#### DATA LISTING ####

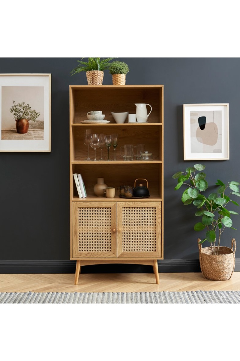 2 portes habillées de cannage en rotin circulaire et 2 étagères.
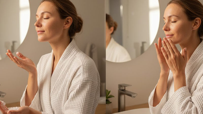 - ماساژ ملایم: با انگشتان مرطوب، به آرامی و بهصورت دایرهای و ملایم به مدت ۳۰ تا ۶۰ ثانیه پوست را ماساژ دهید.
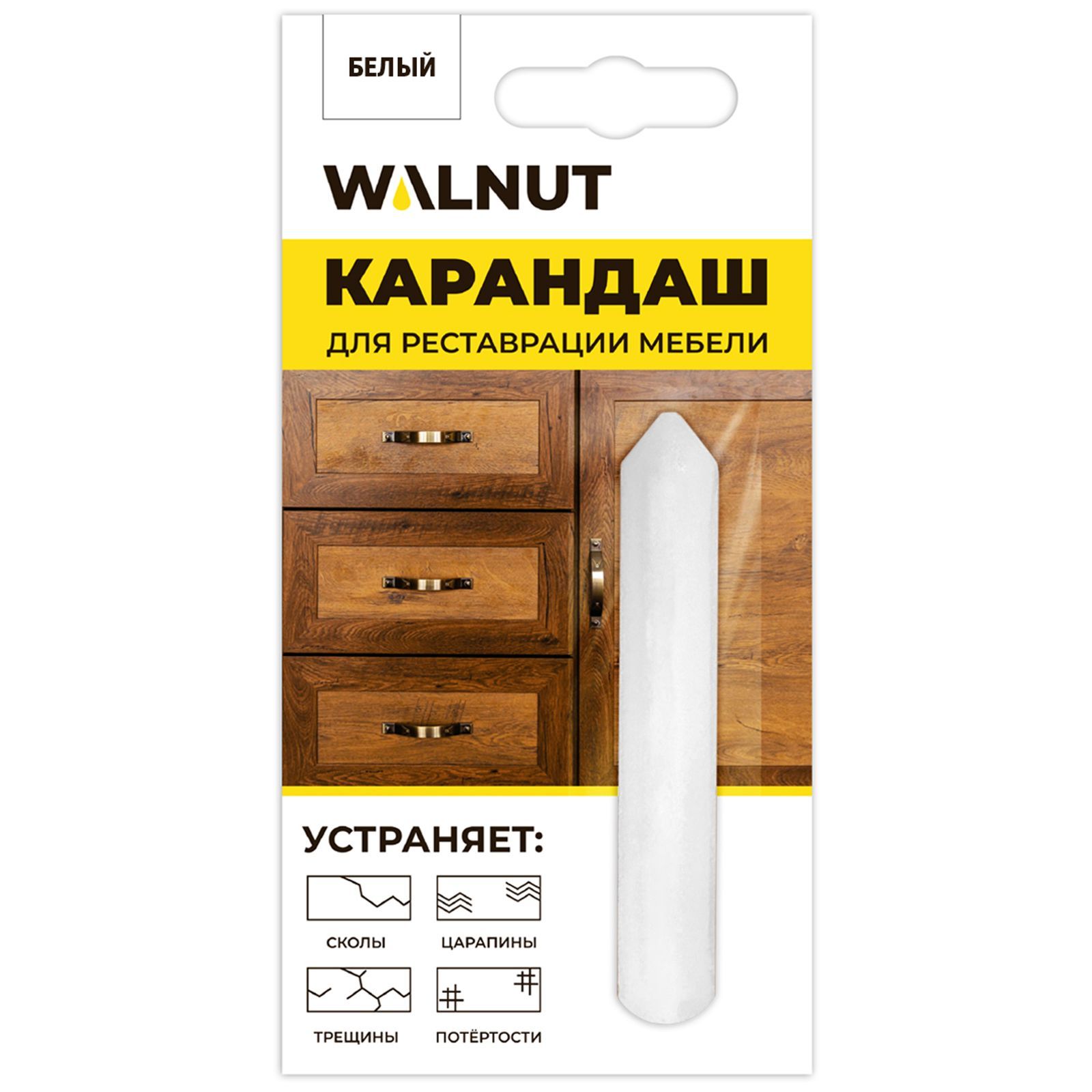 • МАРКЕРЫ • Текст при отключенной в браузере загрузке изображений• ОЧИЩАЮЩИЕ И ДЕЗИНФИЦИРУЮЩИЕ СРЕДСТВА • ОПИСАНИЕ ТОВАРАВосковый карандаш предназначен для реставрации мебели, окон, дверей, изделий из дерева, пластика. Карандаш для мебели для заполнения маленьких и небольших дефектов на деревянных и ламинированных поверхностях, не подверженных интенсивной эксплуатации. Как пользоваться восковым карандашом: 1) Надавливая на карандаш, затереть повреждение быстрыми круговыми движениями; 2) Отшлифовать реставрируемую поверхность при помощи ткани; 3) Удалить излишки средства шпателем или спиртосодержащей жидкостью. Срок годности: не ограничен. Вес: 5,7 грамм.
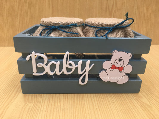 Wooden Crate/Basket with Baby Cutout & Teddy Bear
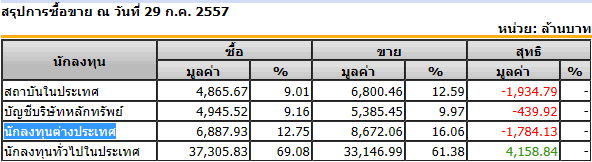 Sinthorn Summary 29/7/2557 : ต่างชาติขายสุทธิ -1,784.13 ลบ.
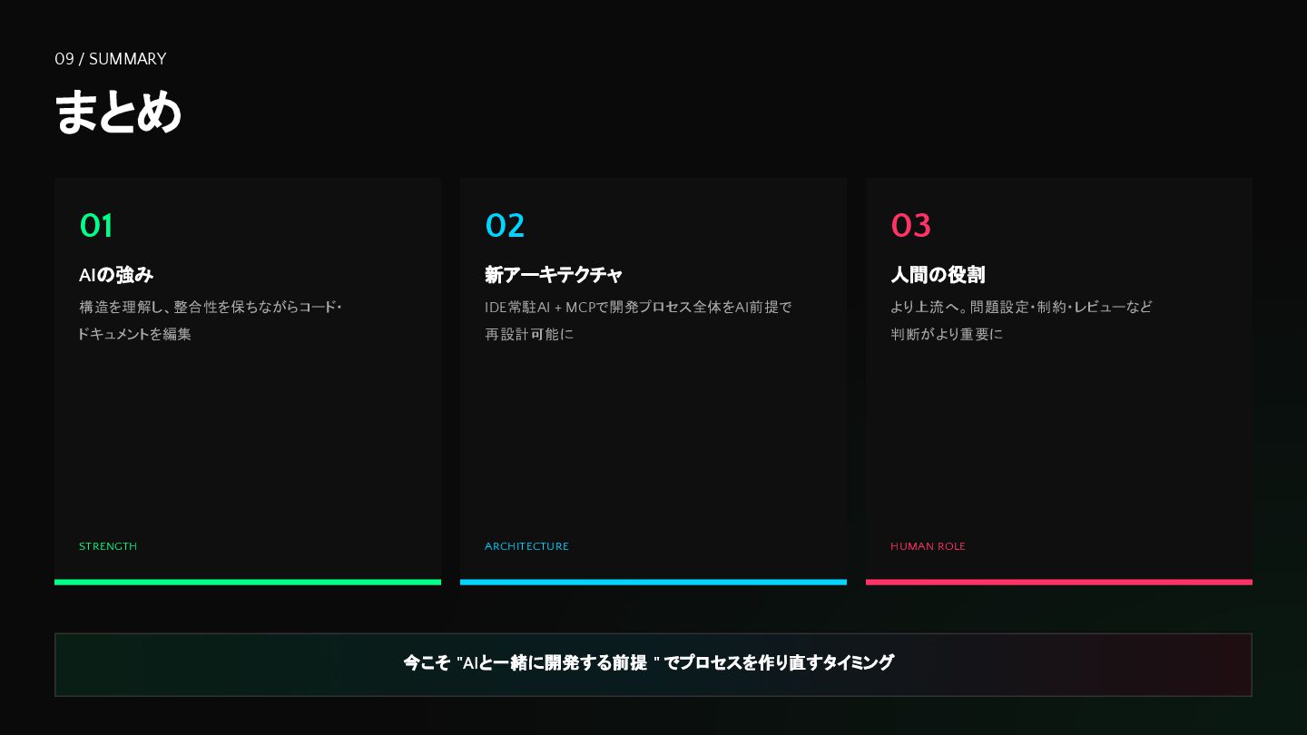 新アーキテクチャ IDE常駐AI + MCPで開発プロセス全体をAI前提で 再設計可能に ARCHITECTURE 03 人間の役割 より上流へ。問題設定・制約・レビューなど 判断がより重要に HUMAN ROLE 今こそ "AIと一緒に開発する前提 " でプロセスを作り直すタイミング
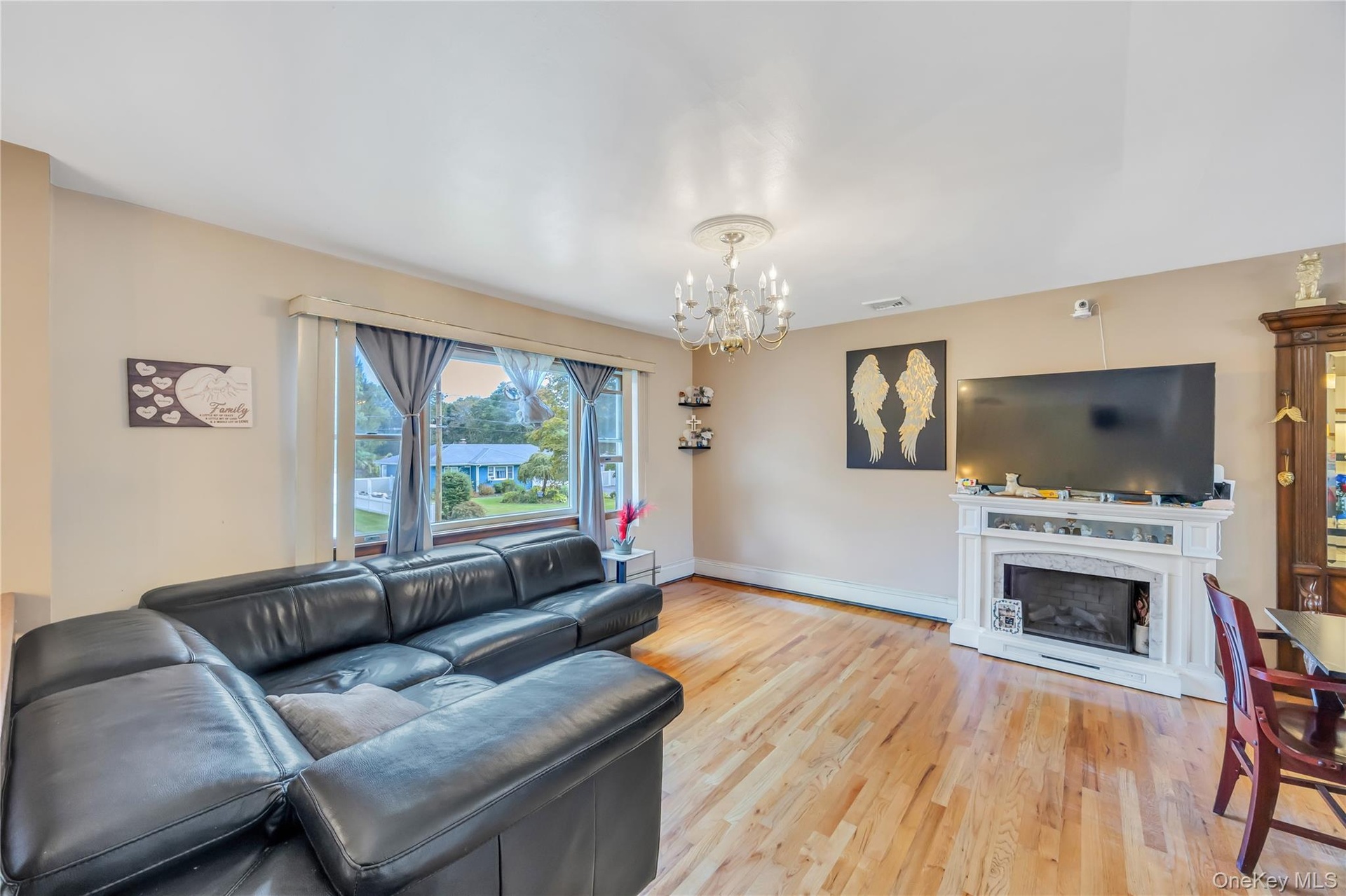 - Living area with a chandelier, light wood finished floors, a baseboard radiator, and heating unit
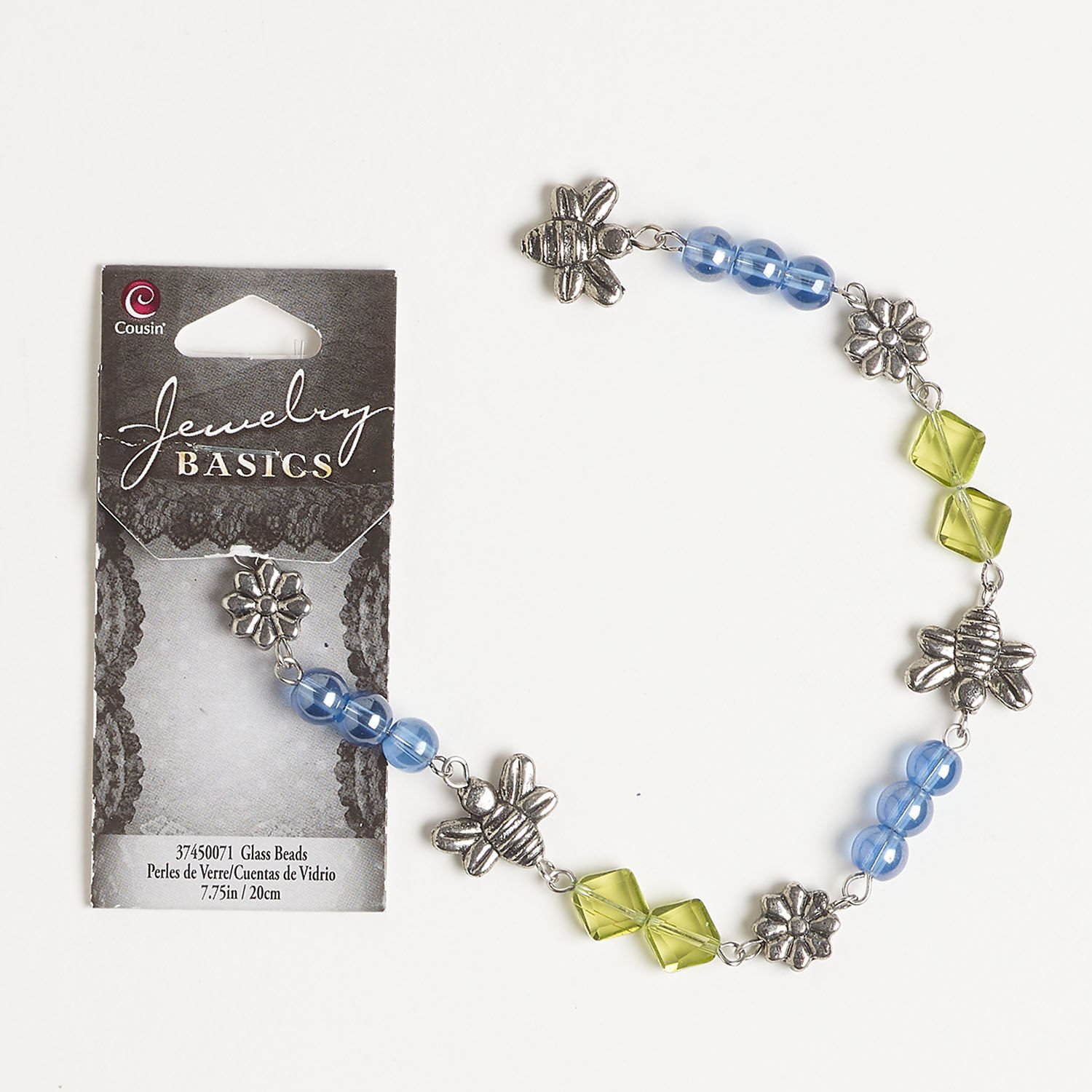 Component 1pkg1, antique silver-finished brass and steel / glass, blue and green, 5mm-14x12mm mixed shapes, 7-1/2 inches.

####

• [HOW TO COMPLETE THIS TASK] All of the material above should be set down again exactly, though not its pictures.

• [ANSWER TO THE PROBLEM]
 2 portes habillées de cannage en rotin circulaire et 2 étagères.
 - ماساژ ملایم: با انگشتان مرطوب، به آرامی و بهصورت دایرهای و ملایم به مدت ۳۰ تا ۶۰ ثانیه پوست را ماساژ دهید.
 • МАРКЕРЫ • Текст при отключенной в браузере загрузке изображений• ОЧИЩАЮЩИЕ И ДЕЗИНФИЦИРУЮЩИЕ СРЕДСТВА • ОПИСАНИЕ ТОВАРАВосковый карандаш предназначен для реставрации мебели, окон, дверей, изделий из дерева, пластика. Карандаш для мебели для заполнения маленьких и небольших дефектов на деревянных и ламинированных поверхностях, не подверженных интенсивной эксплуатации. Как пользоваться восковым карандашом: 1) Надавливая на карандаш, затереть повреждение быстрыми круговыми движениями; 2) Отшлифовать реставрируемую поверхность при помощи ткани; 3) Удалить излишки средства шпателем или спиртосодержащей жидкостью. Срок годности: не ограничен. Вес: 5,7 грамм.
 Wooden Crate/Basket with Baby Cutout & Teddy Bear
 Sinthorn Summary 29/7/2557 : ต่างชาติขายสุทธิ -1,784.13 ลบ.
 新アーキテクチャ IDE常駐AI + MCPで開発プロセス全体をAI前提で 再設計可能に ARCHITECTURE 03 人間の役割 より上流へ。問題設定・制約・レビューなど 判断がより重要に HUMAN ROLE 今こそ "AIと一緒に開発する前提 " でプロセスを作り直すタイミング
 - Living area with a chandelier, light wood finished floors, a baseboard radiator, and heating unit
 Component 1pkg1, antique silver-finished brass and steel / glass, blue and green, 5mm-14x12mm mixed shapes, 7-1/2 inches.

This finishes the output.